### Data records
────────────────────

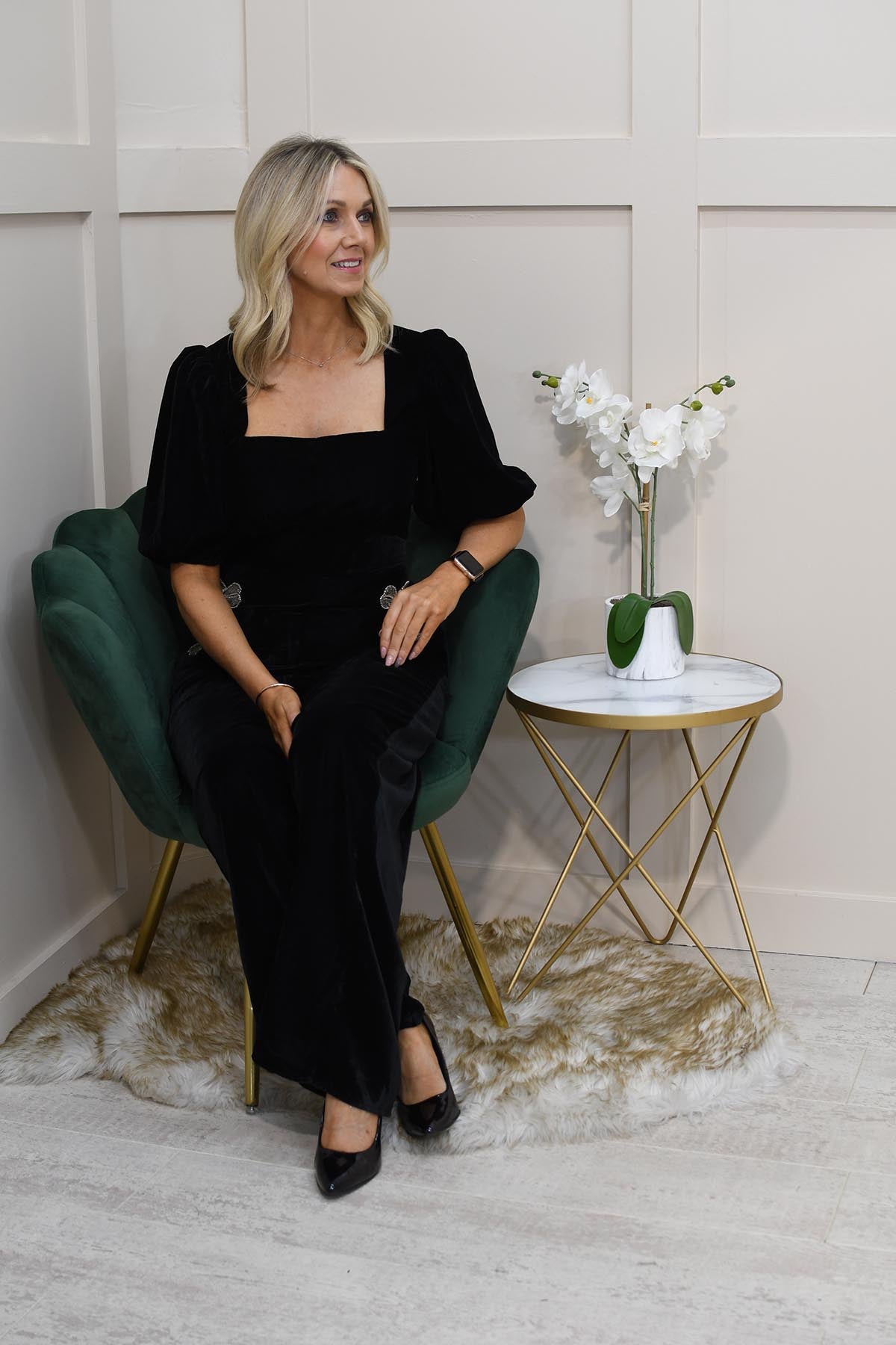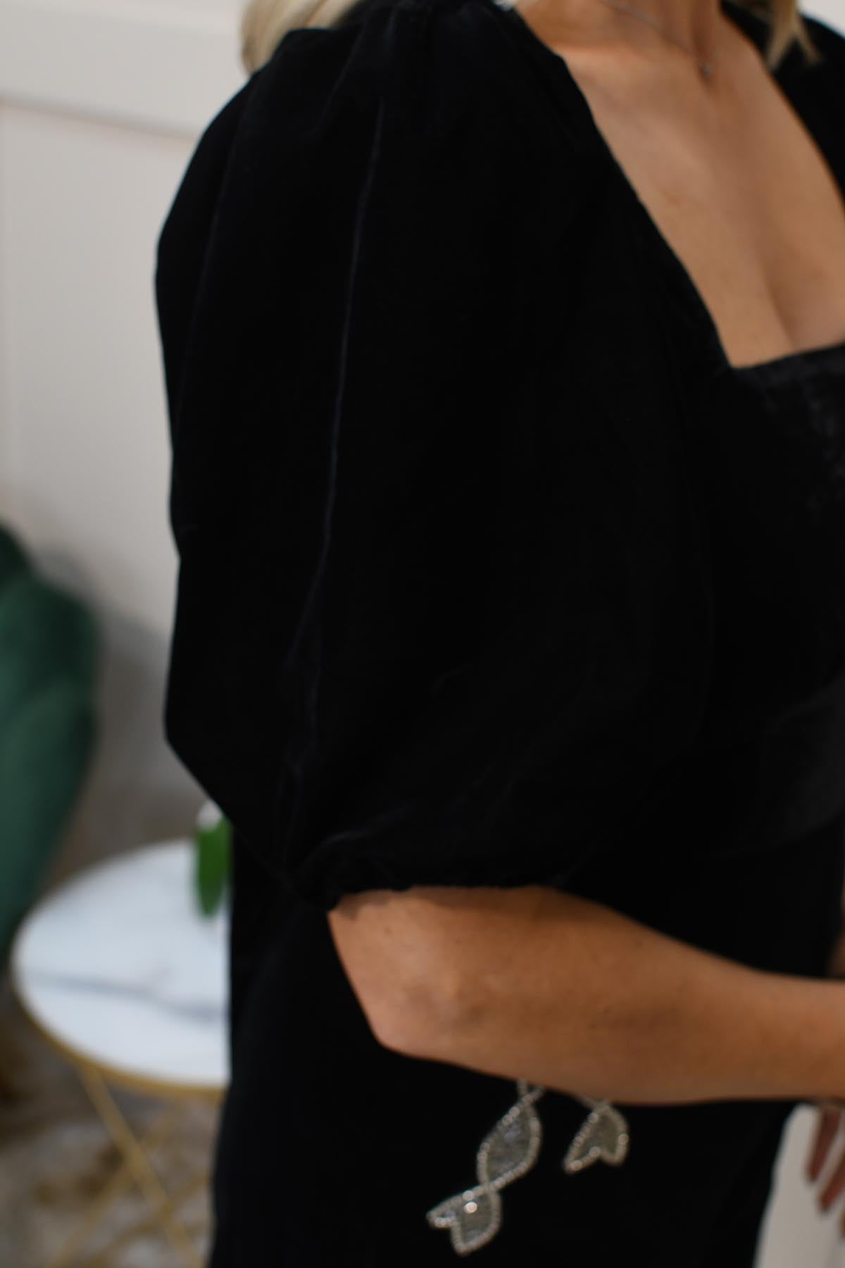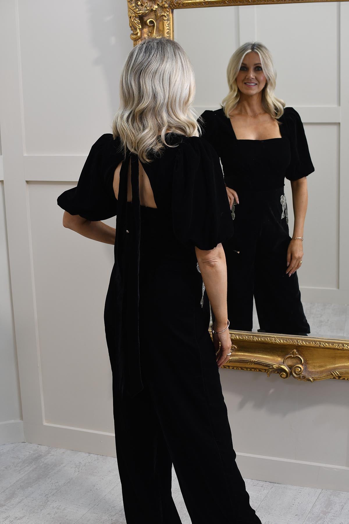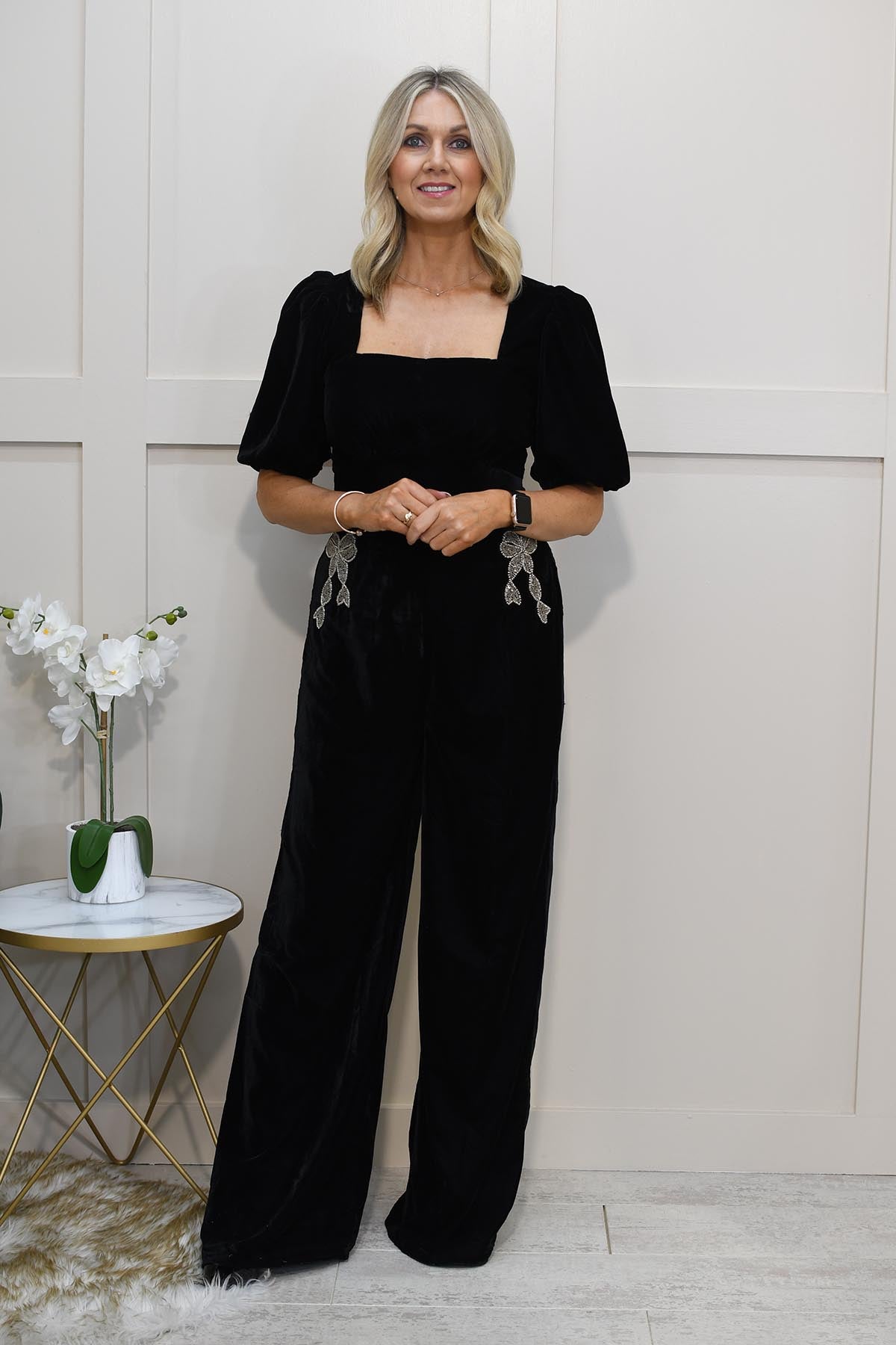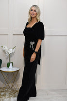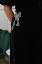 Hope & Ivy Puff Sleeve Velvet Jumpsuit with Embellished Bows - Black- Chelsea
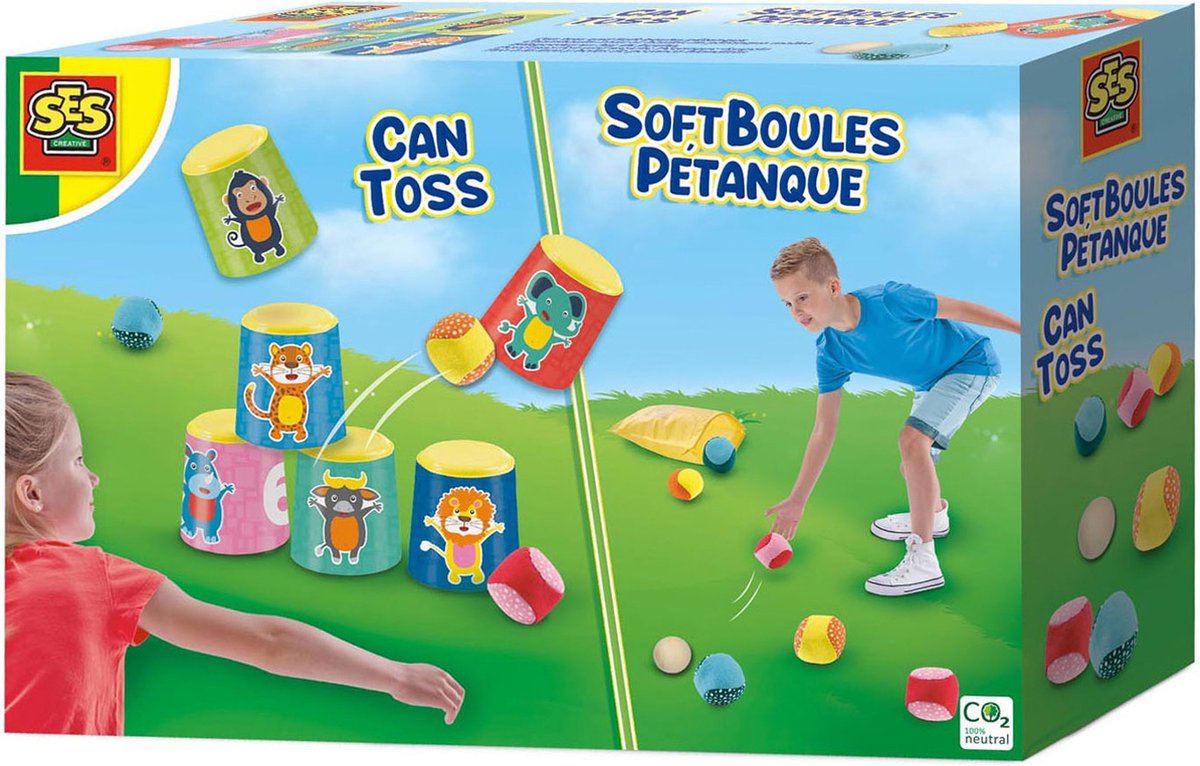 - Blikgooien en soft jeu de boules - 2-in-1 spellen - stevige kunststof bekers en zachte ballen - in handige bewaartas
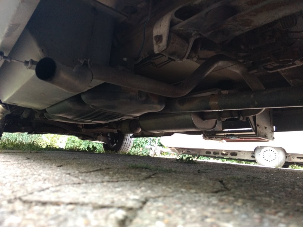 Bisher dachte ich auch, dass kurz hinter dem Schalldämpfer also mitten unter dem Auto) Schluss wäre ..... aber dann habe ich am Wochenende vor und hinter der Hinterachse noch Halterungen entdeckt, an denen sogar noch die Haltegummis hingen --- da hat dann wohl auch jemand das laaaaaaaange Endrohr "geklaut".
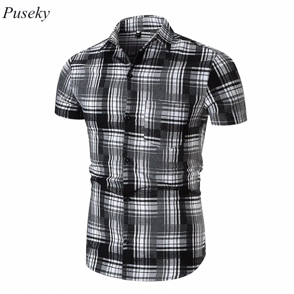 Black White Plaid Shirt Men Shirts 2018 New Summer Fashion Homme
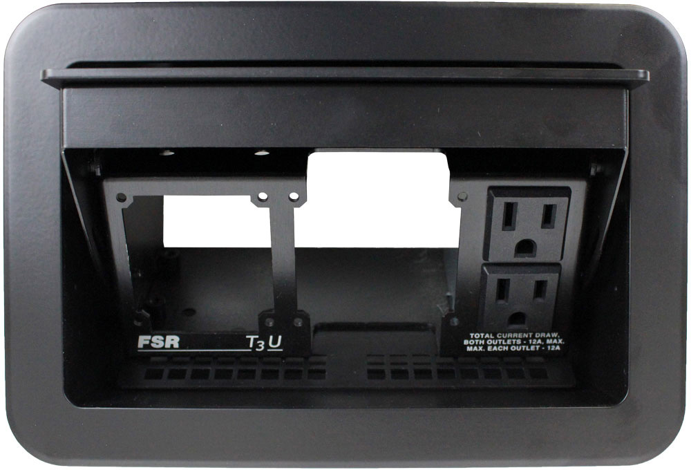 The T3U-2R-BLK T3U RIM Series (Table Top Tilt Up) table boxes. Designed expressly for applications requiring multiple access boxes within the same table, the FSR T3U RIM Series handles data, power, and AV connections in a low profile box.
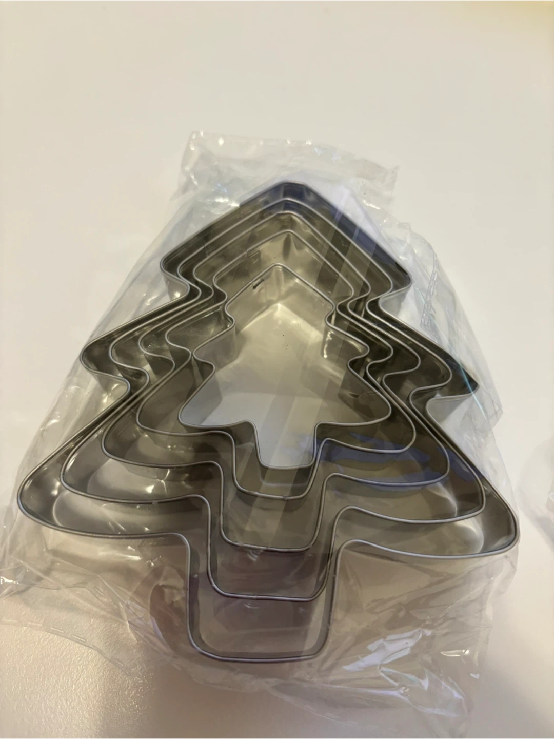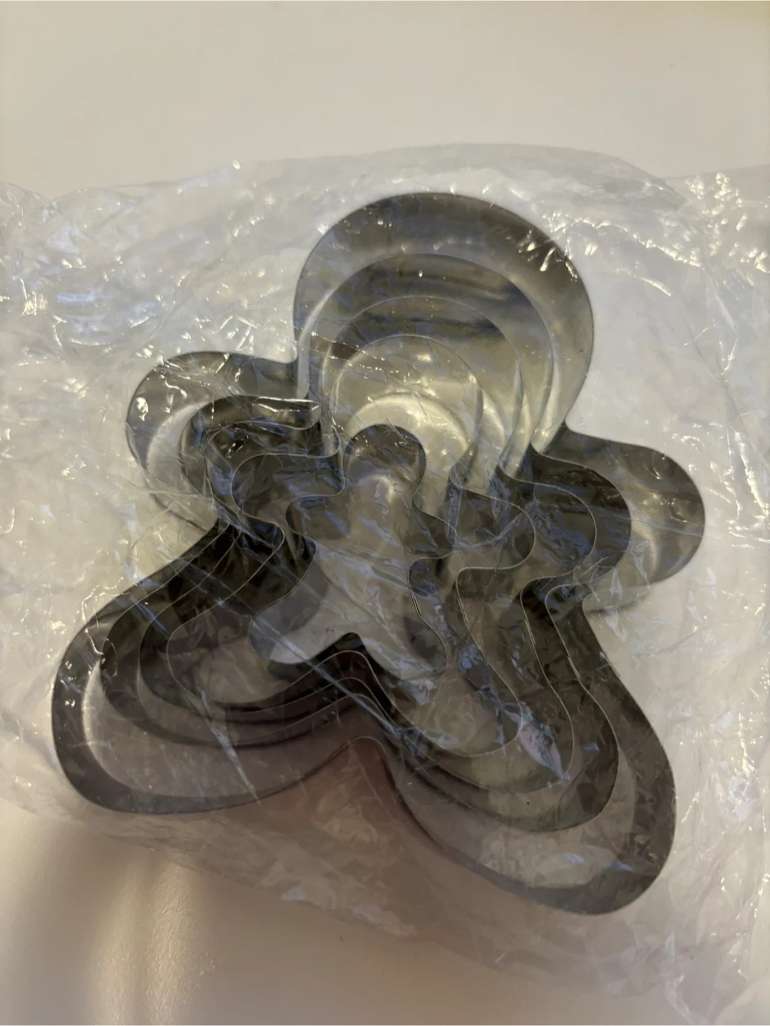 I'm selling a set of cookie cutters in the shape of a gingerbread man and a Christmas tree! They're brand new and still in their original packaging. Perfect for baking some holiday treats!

────────────────────

### Required work
The entries above, every one of them, should be retyped exactly, with no pictures carried over.

### Task response
 Hope & Ivy Puff Sleeve Velvet Jumpsuit with Embellished Bows - Black- Chelsea
 - Blikgooien en soft jeu de boules - 2-in-1 spellen - stevige kunststof bekers en zachte ballen - in handige bewaartas
 Bisher dachte ich auch, dass kurz hinter dem Schalldämpfer also mitten unter dem Auto) Schluss wäre ..... aber dann habe ich am Wochenende vor und hinter der Hinterachse noch Halterungen entdeckt, an denen sogar noch die Haltegummis hingen --- da hat dann wohl auch jemand das laaaaaaaange Endrohr "geklaut".
 Black White Plaid Shirt Men Shirts 2018 New Summer Fashion Homme
 The T3U-2R-BLK T3U RIM Series (Table Top Tilt Up) table boxes. Designed expressly for applications requiring multiple access boxes within the same table, the FSR T3U RIM Series handles data, power, and AV connections in a low profile box.
 I'm selling a set of cookie cutters in the shape of a gingerbread man and a Christmas tree! They're brand new and still in their original packaging. Perfect for baking some holiday treats!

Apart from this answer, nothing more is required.